We still have all the trigger rules defined in the earlier version, but to those we add:

  • none_failed: Will trigger a task when all the parents have finished executing AND none of them are in a failed state. Parents can however be in a skipped state.
  • none_failed_or_skipped: Will trigger a task when all parents have finished execution AND none of them are in a failed or skipped state. This is similar to the one_success but the difference is that it waits for all its parents to finish execution.

XCOM

XCOM stands for cross communication. It is the way different tasks in Airflow communicate with one another. It works by defining a key and value, and pushing those into the Airflow Database. Other tasks can later on pull the value from the Database by using the key.
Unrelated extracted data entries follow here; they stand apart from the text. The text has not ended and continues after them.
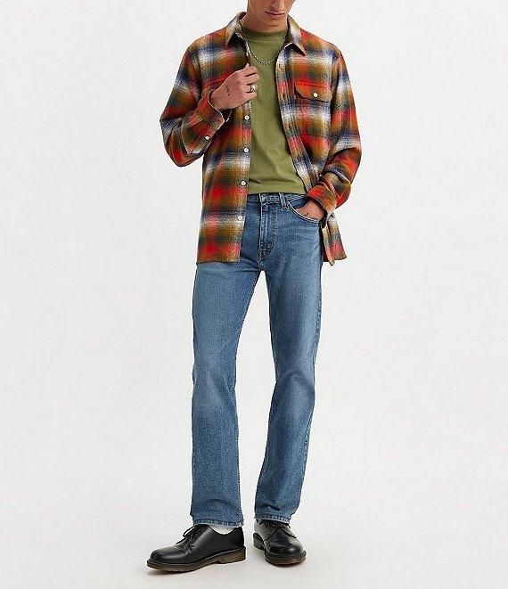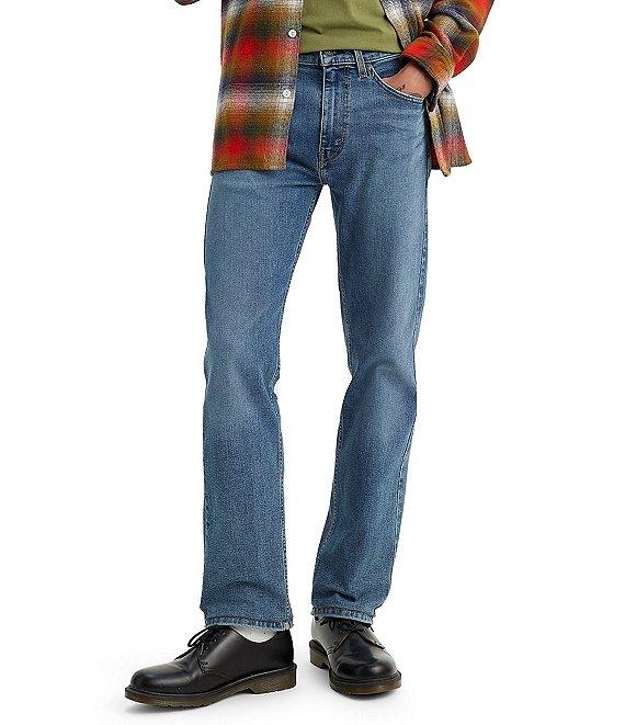 From Levi's®, these jeans feature:Sits at your waistZip/button-front closureBelt loopsRegular fit through the thighsStraight legs5-pocket stylingTapered silhouette11.5" front rise17.5" knees16" leg openingsCotton/polyester/elastane denimMachine wash/tumble dryImported.
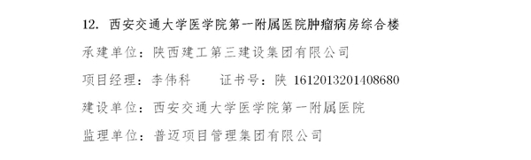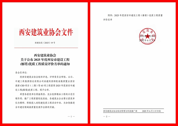 2025年6月3日,西安建筑业协会发布了《关于公布2025年度西安市建设工程(雁塔)优质工程质量评价名单的通知》,由我公司监理的西安交通大学医学院第一附属医院肿瘤病房综合楼、礼泉县污水处理厂提标扩建工程、西安航天基地祥居雅苑(韩家湾村及二府井村安置小区)一期工程等3项工程荣膺此项殊荣!
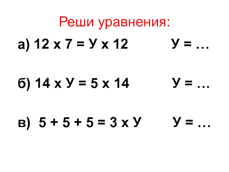 Реши уравнения: а) 12 х 7 = У х 12      У =

One requirement for a value to be pushed into xcom is that it needs to be “picklable” (not sure if picklable is a real word but airflow should be able to pickle the value).

For additional information, pickling is the process by which python converts data into a byte stream (by serializing it) and unpickling is the deserializing process. Those are also sometimes referred to as: serialization, marshalling or flattening.

Here is a list of things that can be pickled and unpickled

Data sent in XCOM are stored in the Apache Airflow Backend Database.

There are two way to push data into xcom: either by pushing it explicitly through xcom_push or implicitly by simply returning a value.

Pushing to XCOM explicitly

Here is an example on how an Operator or a PythonOperator’s callable function can push a value into xcom:

context['task_instance'].xcom_push(context['task'].task_id, some_value_to_push)

Alright, so what is happening here? first we are retrieving the task_instance object from the context and then calling the xcom_push function, passing the key and the value to it. In this case we chose the key to be the task_id so we are also retrieving that value from the context.

Under the hood, we’d be calling the following function:

XCom.set(
            key=key,
            value=value,
            task_id=self.task_id,
            dag_id=self.dag_id,
            execution_date=execution_date or self.execution_date)

Source Code

Pushing to XCOM by returning a value

Operators can push a value in their execute function, and a PythonOperator can push a value to xcom by returning it in its python_callable function.

Example:

def push_function(**context):
    return 'xyz'

the value “xyz” will be pushed to xcom with the key being the task_id of the function pushing this value.

Pulling data from XCOM

Data can be pulled from xcom and additionally, we can filter based on key, task_ids, dag_id etc…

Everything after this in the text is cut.